If you stall the pipe, it means that the code cannot figure out which cal is needed next, or that it took a likely guess but got it wrong. Either way the Floating Point speed drops to about half the integer speed for that one calc. If it happened every time you'd knock 75% or so off the spped of your processor.

My theory is based on two things: people with newer, more heavily pipelined chips see a bigger effect: your WU take over 1.5 x estimated, mine on a years old 700MHz Pentium take 1.3 x estimated; consistent with the fact that your pentium has a longer pipeline than mine.

Secondly, that E@H contains a lot of FFTs and these are really hard work for any pipelined processor. I said more about this issue here, in another thread but that posting maybe more technical an answer than you were hoping for.

Finally, I hope you are getting two wu done in the 11 hours you quote? My 700MHz box takes almost exactly 24hrs for a wu, and if you are getting only 2.2 wu per day something funny is happening; whereas if you are running the HT as a dual processor you'd be getting about 4.4x my throughput, which is what I'd expect.

~~gravywavy

jerry
jerry
Joined: 20 Apr 05
Posts: 6
Credit: 35,784
RAC: 0

I have a 2 gig celeron and am

I have a 2 gig celeron and am having the same trouble with the estimator for the projects I run I have a feeling that the time given is if wwe were in the next room from the server.

Nightbird
Nightbird
Joined: 17 Feb 05
Posts: 79
Credit: 561,723
RAC: 0

Perhaps an idea : don't use a

Perhaps an idea : don't use a cache too large

[

The Gas Giant
The Gas Giant
Joined: 18 Jan 05
Posts: 72
Credit: 3,109,569
RAC: 0

It's nothing to do with

It's nothing to do with deadlines persee, but an issue with BOINC going into deadline mode (even though there is no chance with hitting the deadline). Since it then crunches Einstein in deadline mode it's LT debt gets too +ve and then it doesn't download any more work until it's LT debt gets lots -ve and we start going into limit cycling of the projects.

People with a background in process control technology (PID loops etc) would be aghast at the situation that BOINC gets itself into. Limit cycling where it goes from one extreme to the other is called "out of control" and is only something that novices think is something that works.

Live long and crunch!

Paul.

ps. I don't think a cache of 4 days work is too large...does anyone? I know BOINC does!

Paul

Nightbird
Nightbird
Joined: 17 Feb 05
Posts: 79
Credit: 561,723
RAC: 0

"ps. I don't think a cache of

"ps. I don't think a cache of 4 days work is too large...does anyone? "
I don't use cache of 4 days.

[

Divide Overflow
Divide Overflow
Joined: 9 Feb 05
Posts: 91
Credit: 183,220
RAC: 0

I don't think a cache of 4

Message 12092 in response to message 12090

I don't think a cache of 4 days work is too large...does anyone?

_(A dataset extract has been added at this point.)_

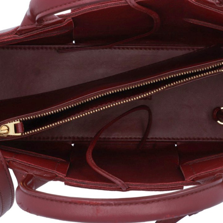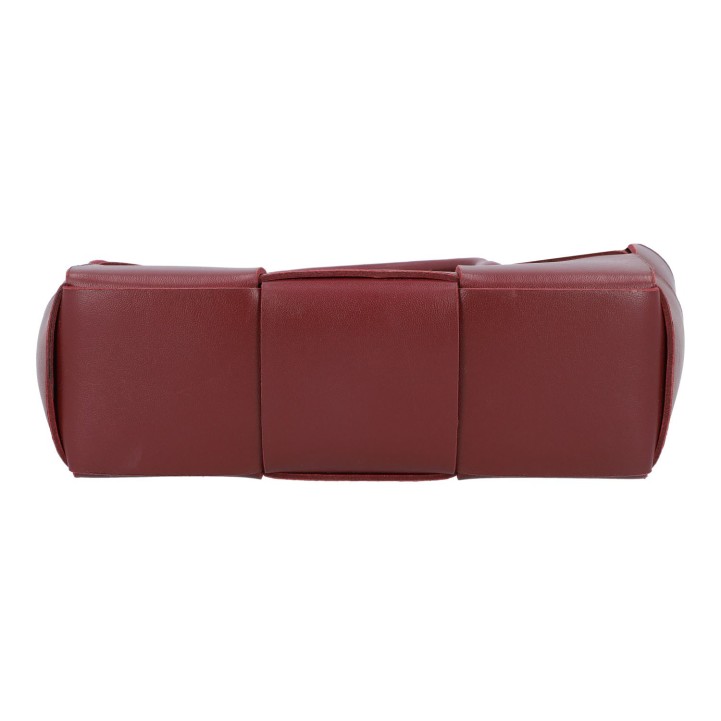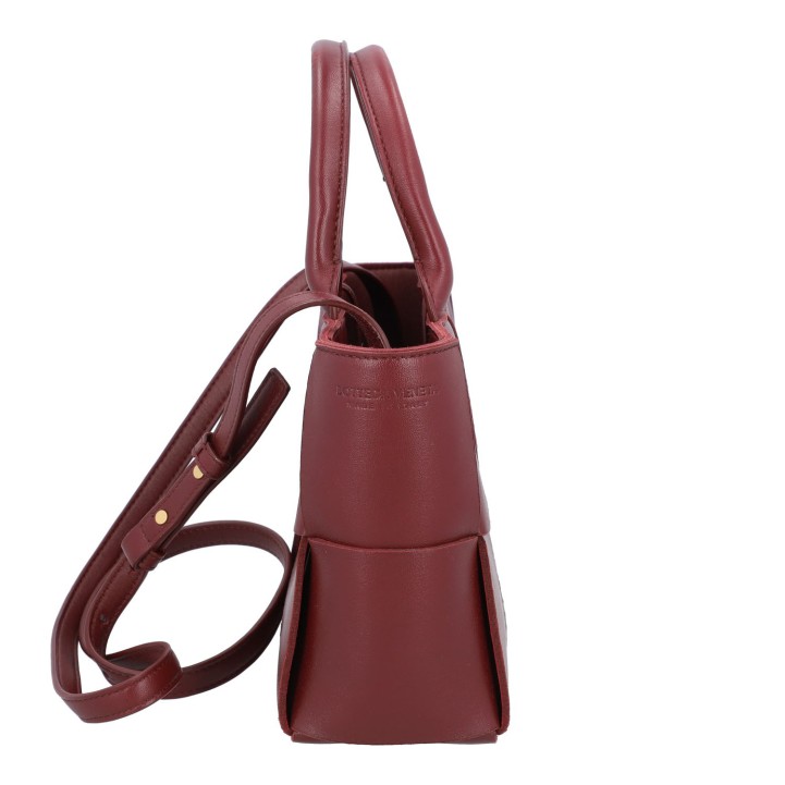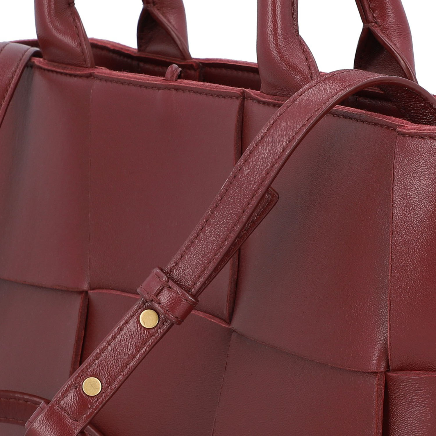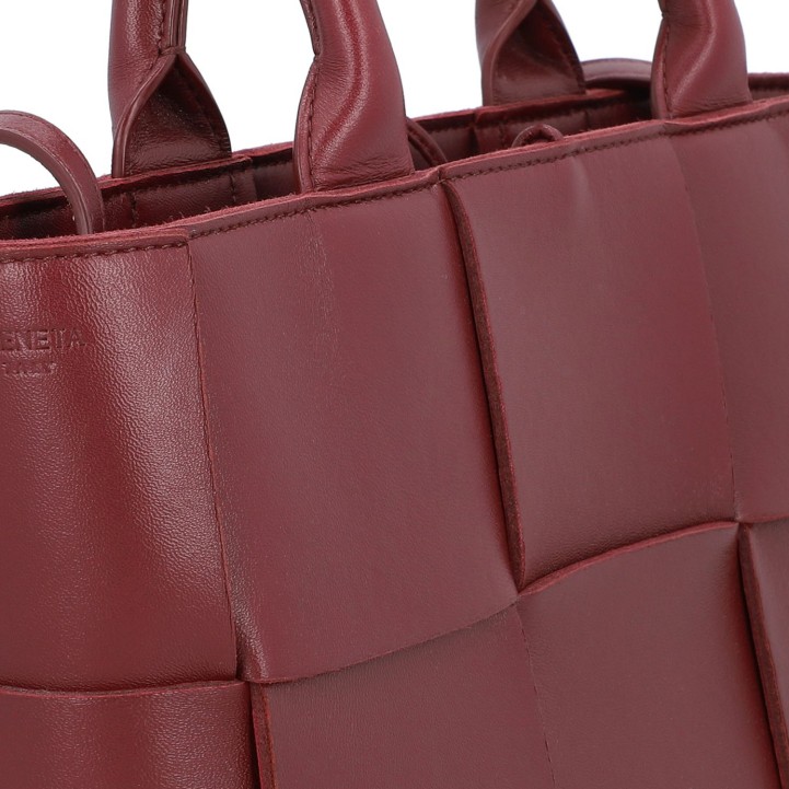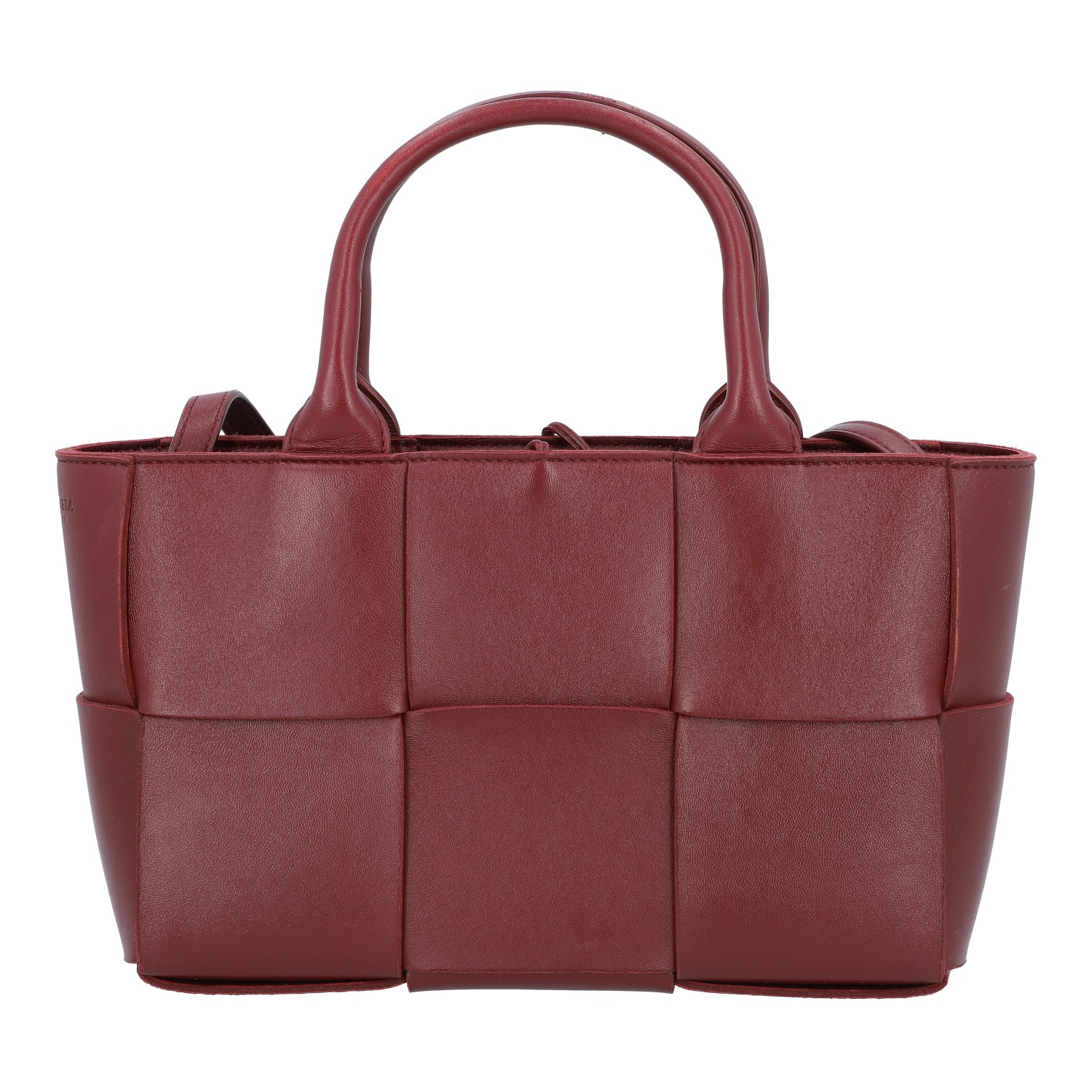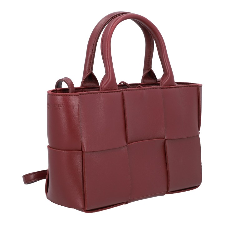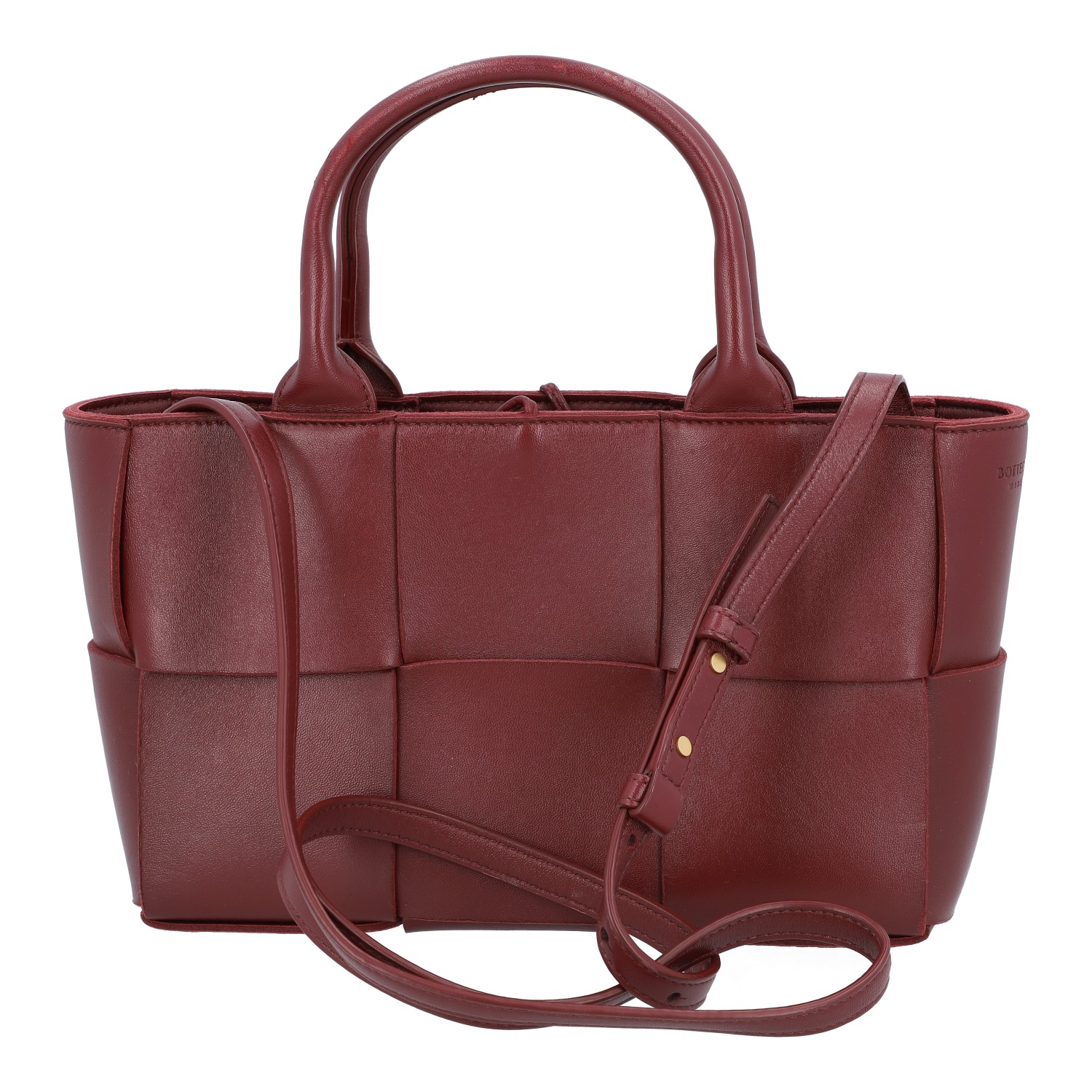 Intrecciato-Leder in Bordeaux mit goldfarbener Hardware, Doppelhenkeln und Schulterriemen. Innenraum mit herausnehmbarer Pochette. Staubbeutel anbei. Dezente Gebrauchsspuren. 25 x 8 x 16 cm.

You know your cache size is too large when you start missing WU deadlines! The rest is entirely subjective. :)

Celtic Wolf
Celtic Wolf
Joined: 9 Feb 05
Posts: 34
Credit: 18,196
RAC: 0

There is a known issue with

There is a known issue with 4.4x of BOINC not computing deadlines correctly.

It seems that Einstein WU's compute faster in the beginning then they do near the end or some such thing. I am waiting to see what BOINC does when my Climate WU gets near it's end... I'll let you know 4 months from now what happened...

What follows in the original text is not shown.